You can't change the plan when it's made


Krugman laid a big egg a couple weeks ago, to such an extent that I cannot fail to respond. The analysis is wrong and the policy prescriptions are just horrendous.


But enough of my bald assertions, let’s go straight to the tape:


China’s policy of keeping its currency, the renminbi, undervalued has become a significant drag on global economic recovery.



Fine, I don’t have a problem with this, I trust Paul’s judgment.


The International Monetary Fund expects China to have a 2010 current surplus of more than $450 billion — 10 times the 2003 figure. This is the most distortionary exchange rate policy any major nation has ever followed.



Significant and powerful, by focusing on the costs to the Chinese government of maintaining the current exchange rate. So far, Krugman’s aim is dead on.


Most of the world’s large economies are stuck in a liquidity trap — deeply depressed, but unable to generate a recovery by cutting interest rates because the relevant rates are already near zero. China, by engineering an unwarranted trade surplus, is in effect imposing an anti-stimulus on these economies, which they can’t offset.



Ok, this is obviously an issue. However, notice how the pejorative language begins to pop in. ‘Unwarranted’ trade surplus, you say? Do tell! Is that an international economics faux pas? By which standard is this deemed as unwarranted?


It is unfortunate, is it not, that the relevant interest rates are already near zero. That sounds a lot like poor economic management to me. And so I wonder why, precisely, the trade surplus is ‘unwarranted’ while the interest rates just are where they are, as if by magic. Of course, this is another failing of the Bush Administration, along with all the debt they kindly incurred on our behalf. I think Paul should have gotten a dig in here, but in any case I do not like this use of language at all.


But let’s move right on to the policy prescriptions:


So how should we respond?



Watch him go in entirely the wrong direction from here.


Treasury must issue a report identifying nations that “manipulate the rate of exchange between their currency and the United States dollar for purposes of preventing effective balance of payments adjustments or gaining unfair competitive advantage in international trade.” The law’s intent is clear: the report should be a factual determination, not a policy statement.
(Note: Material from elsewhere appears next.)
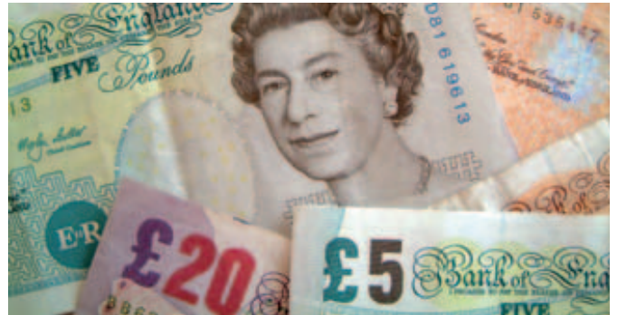
Das britische Pfund könnte bereits das Schlimmste hinter sich haben.

Somit kann man festhalten, dass die Commercials auf einem etwas höheren Preisniveau als im Januar/Februar 2008 eine größere Netto-Long-Positionierung besitzen, die Kleinspekulanten hingegen skeptischer positioniert sind. Diese Divergenz bei der Positionierung der beiden Handelgruppen im Verhältnis zur Preisentwicklung ist als eine bullische Divergenz anzusehen, die für steigende Kurse beim Britischen Pfund gegenüber dem US-Dollar spricht.

In practice, however, Treasury has been both unwilling to take action on the renminbi and unwilling to do what the law requires, namely explain to Congress why it isn’t taking action.


Oh, Snap! As the kids said back when I was still a resident of the good-old USA. A Treasury finding of manipulation! Those Mandarins in Beijing will be shaking in their boots when that one comes out!!
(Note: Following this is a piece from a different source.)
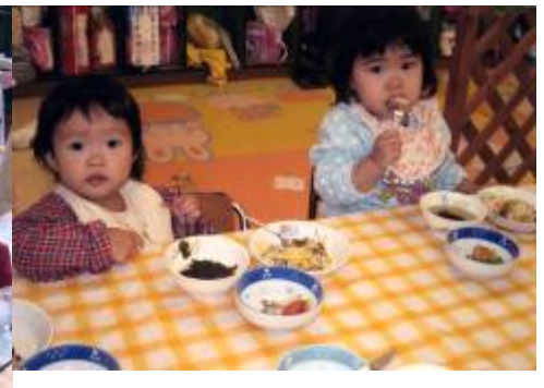
平成20年12月保育所給食献立表

Of course, one needs to conveniently forget how another government organization under the Federal government identifies the biggest human rights violators every year, in a report that is greatly affected by political concerns. Just one example of how serious or significant ‘government reports’ are.


An angry denunciation will be properly viewed as nothing more than a political complaint. If the argument is that Treasury needs to do this prior to other defensive actions, then that would be different. But Krugman does not seem to assert that the report is a required precursor to the actions he will now advocate:



In 1971 the United States dealt with a similar but much less severe problem of foreign undervaluation by imposing a temporary 10 percent surcharge on imports, which was removed a few months later after Germany, Japan and other nations raised the dollar value of their currencies. At this point, it’s hard to see China changing its policies unless faced with the threat of similar action — except that this time the surcharge would have to be much larger, say 25 percent.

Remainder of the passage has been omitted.